* WORK REQUIRED
From the line containing "- W ofercie" to the line containing "τελευταία πέντε χρόνια." in the entries below, reproduce every line exactly, ends included. Nothing else belongs in the copy, and no pictures.

* DATASET RECORDS
---+---

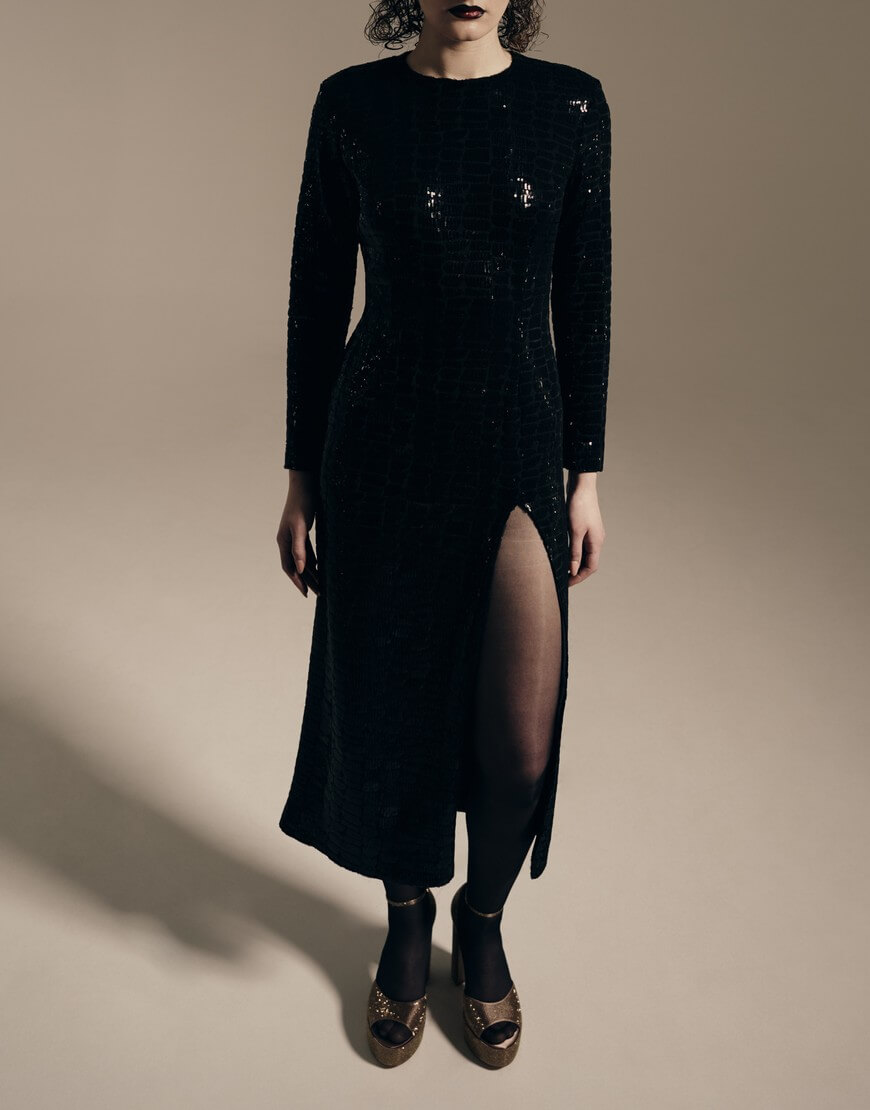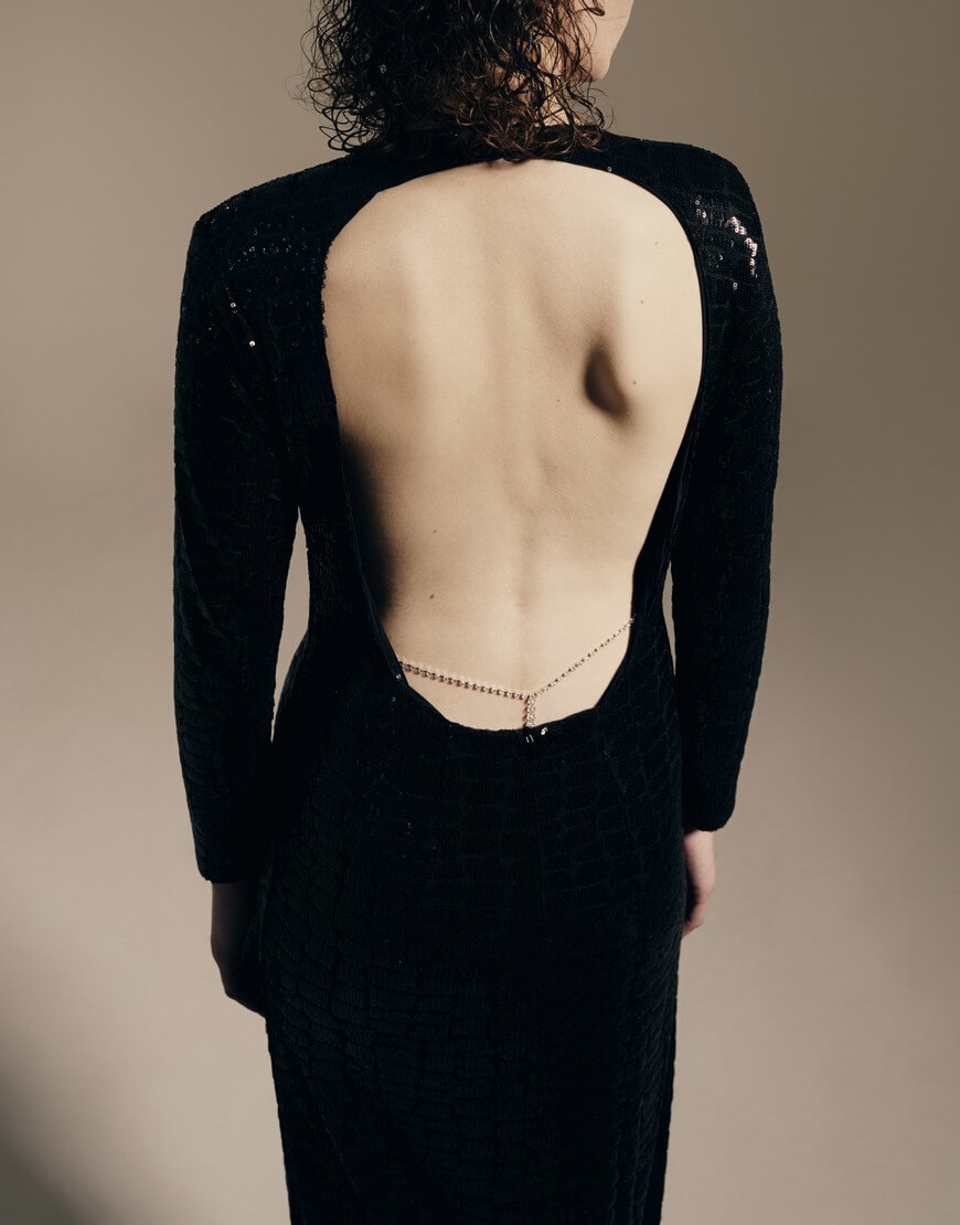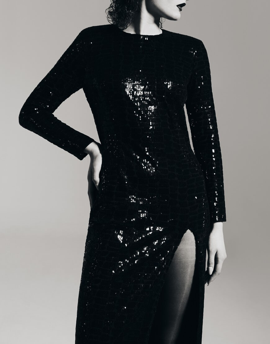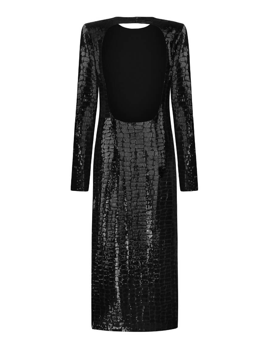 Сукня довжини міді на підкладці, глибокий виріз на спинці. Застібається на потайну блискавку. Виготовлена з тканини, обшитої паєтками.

---+---

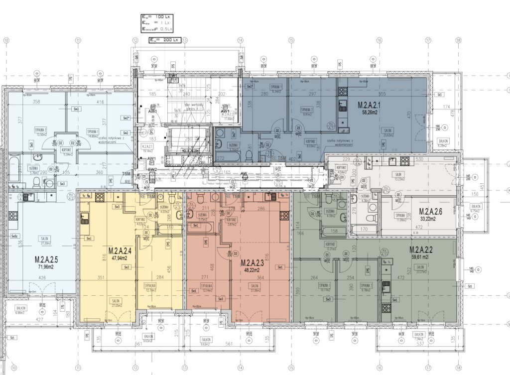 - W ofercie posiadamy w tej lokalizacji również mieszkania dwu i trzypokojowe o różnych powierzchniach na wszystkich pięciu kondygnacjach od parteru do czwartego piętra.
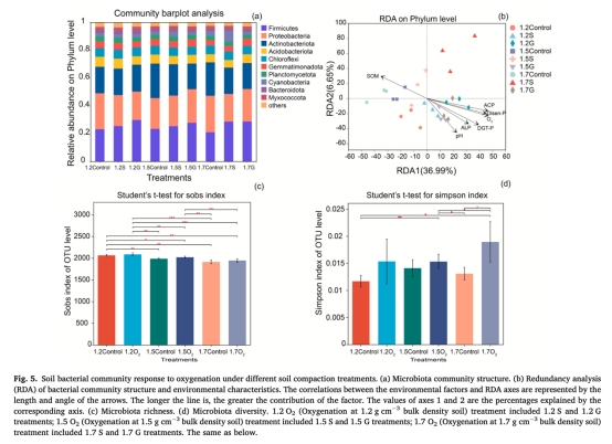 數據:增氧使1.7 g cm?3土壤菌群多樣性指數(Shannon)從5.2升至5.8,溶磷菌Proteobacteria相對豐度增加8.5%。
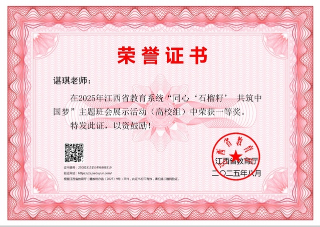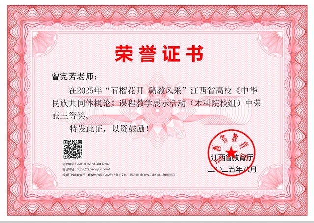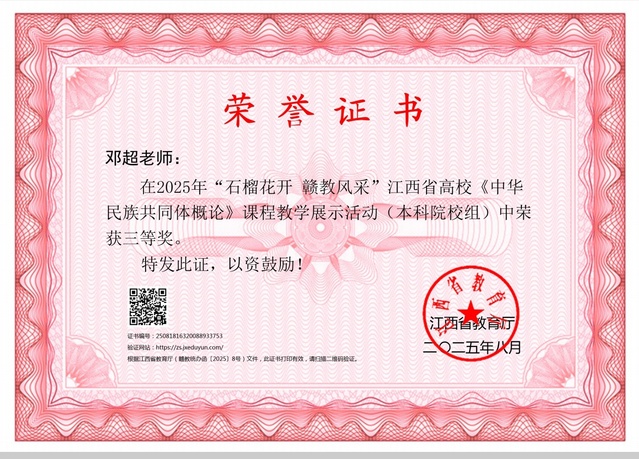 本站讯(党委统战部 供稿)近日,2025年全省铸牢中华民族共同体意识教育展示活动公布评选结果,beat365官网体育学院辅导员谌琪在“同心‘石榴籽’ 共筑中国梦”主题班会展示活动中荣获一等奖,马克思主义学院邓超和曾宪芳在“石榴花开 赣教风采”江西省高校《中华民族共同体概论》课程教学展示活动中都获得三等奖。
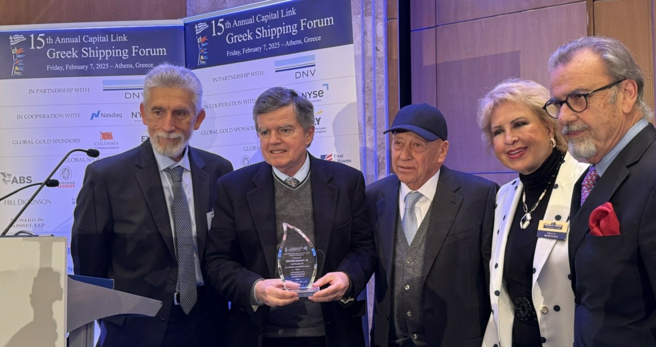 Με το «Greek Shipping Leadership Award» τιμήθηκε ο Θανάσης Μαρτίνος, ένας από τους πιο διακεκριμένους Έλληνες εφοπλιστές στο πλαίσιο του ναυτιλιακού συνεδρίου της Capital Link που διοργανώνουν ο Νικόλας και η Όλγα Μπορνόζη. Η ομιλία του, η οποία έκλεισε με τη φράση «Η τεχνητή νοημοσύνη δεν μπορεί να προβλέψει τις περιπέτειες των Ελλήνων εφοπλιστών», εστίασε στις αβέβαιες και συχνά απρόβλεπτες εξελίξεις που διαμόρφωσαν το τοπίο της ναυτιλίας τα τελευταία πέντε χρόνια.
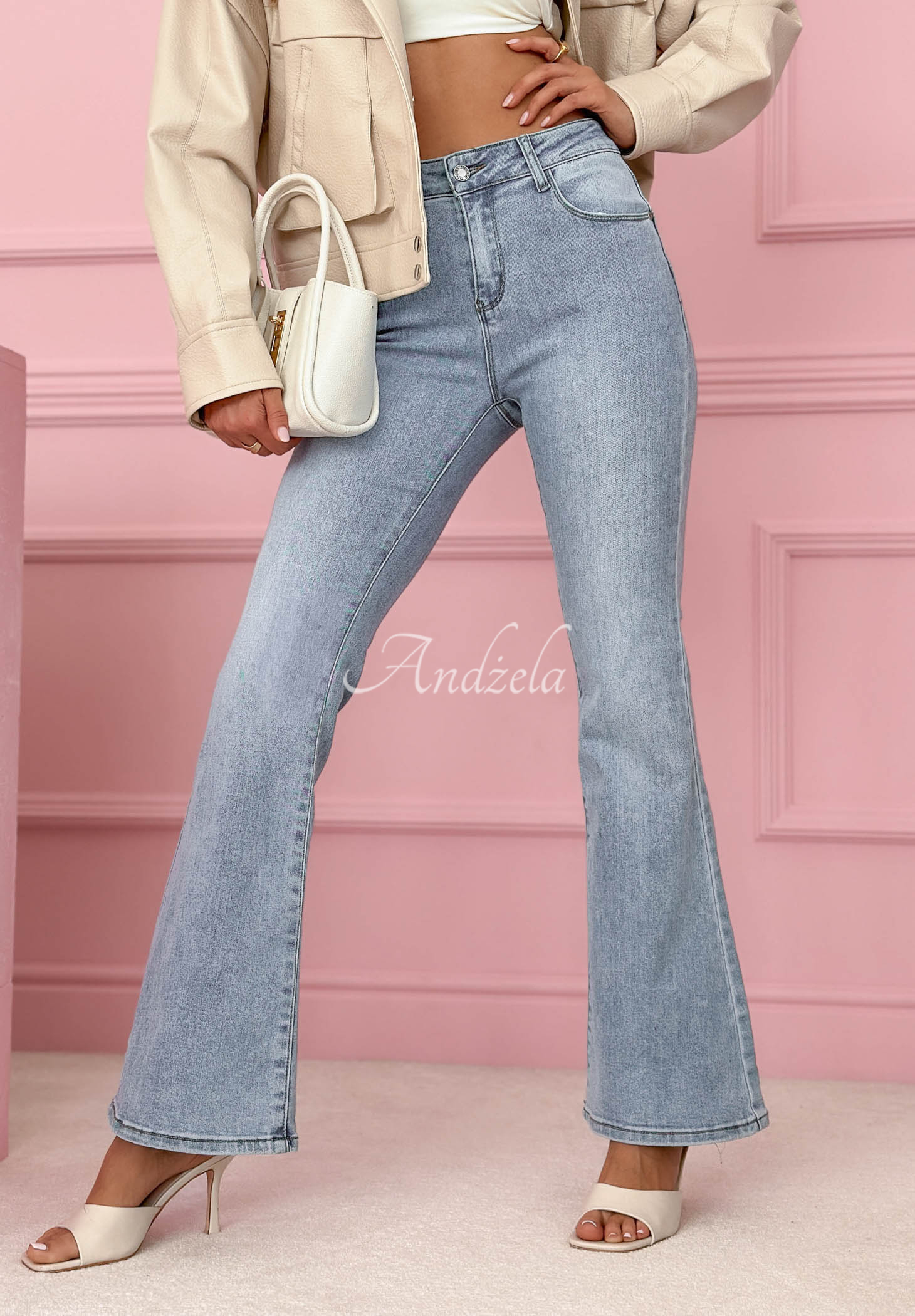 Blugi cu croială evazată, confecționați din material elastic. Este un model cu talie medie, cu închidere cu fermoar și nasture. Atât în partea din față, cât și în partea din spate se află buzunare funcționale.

---+---

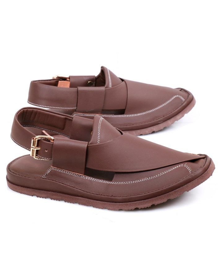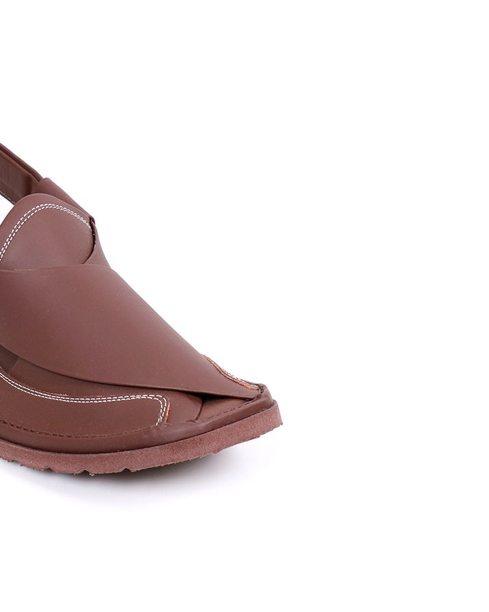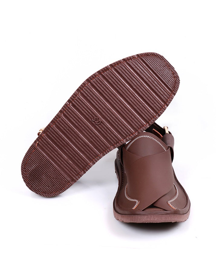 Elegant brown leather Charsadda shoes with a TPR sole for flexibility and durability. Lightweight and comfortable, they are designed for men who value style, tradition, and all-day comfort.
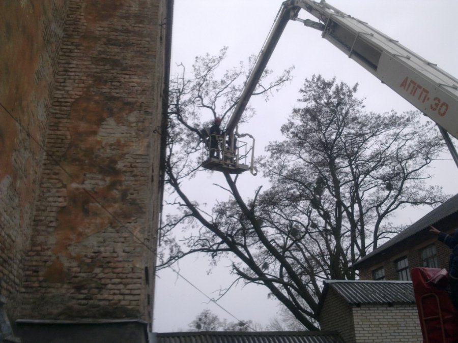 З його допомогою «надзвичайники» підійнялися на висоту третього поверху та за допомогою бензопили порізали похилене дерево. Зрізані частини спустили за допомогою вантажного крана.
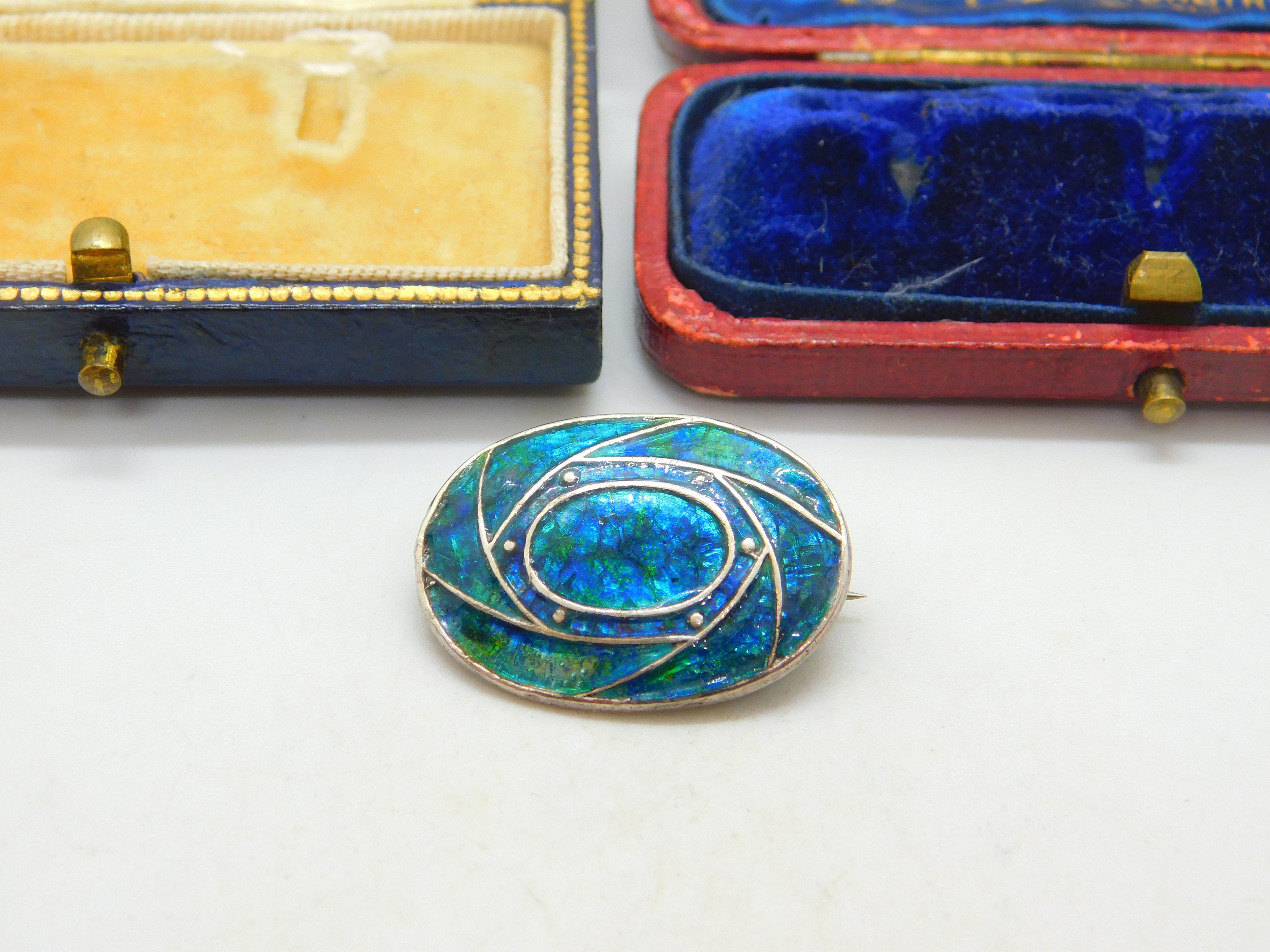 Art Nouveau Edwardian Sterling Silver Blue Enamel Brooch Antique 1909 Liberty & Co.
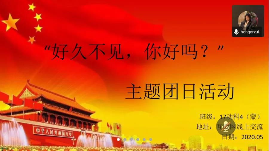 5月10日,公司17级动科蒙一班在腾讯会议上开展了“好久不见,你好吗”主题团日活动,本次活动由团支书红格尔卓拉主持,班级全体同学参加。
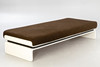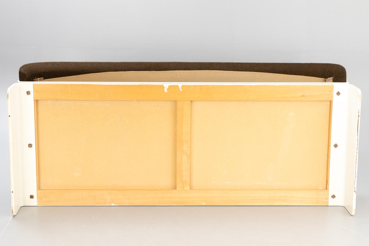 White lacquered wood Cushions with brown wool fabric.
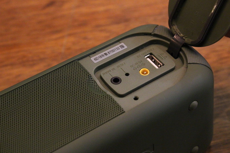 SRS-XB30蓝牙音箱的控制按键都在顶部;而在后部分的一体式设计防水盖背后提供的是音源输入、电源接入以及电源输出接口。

---+---

* ANSWER TO THE EXERCISE
 - W ofercie posiadamy w tej lokalizacji również mieszkania dwu i trzypokojowe o różnych powierzchniach na wszystkich pięciu kondygnacjach od parteru do czwartego piętra.
 數據:增氧使1.7 g cm?3土壤菌群多樣性指數(Shannon)從5.2升至5.8,溶磷菌Proteobacteria相對豐度增加8.5%。
 本站讯(党委统战部 供稿)近日,2025年全省铸牢中华民族共同体意识教育展示活动公布评选结果,beat365官网体育学院辅导员谌琪在“同心‘石榴籽’ 共筑中国梦”主题班会展示活动中荣获一等奖,马克思主义学院邓超和曾宪芳在“石榴花开 赣教风采”江西省高校《中华民族共同体概论》课程教学展示活动中都获得三等奖。
 Με το «Greek Shipping Leadership Award» τιμήθηκε ο Θανάσης Μαρτίνος, ένας από τους πιο διακεκριμένους Έλληνες εφοπλιστές στο πλαίσιο του ναυτιλιακού συνεδρίου της Capital Link που διοργανώνουν ο Νικόλας και η Όλγα Μπορνόζη. Η ομιλία του, η οποία έκλεισε με τη φράση «Η τεχνητή νοημοσύνη δεν μπορεί να προβλέψει τις περιπέτειες των Ελλήνων εφοπλιστών», εστίασε στις αβέβαιες και συχνά απρόβλεπτες εξελίξεις που διαμόρφωσαν το τοπίο της ναυτιλίας τα τελευταία πέντε χρόνια.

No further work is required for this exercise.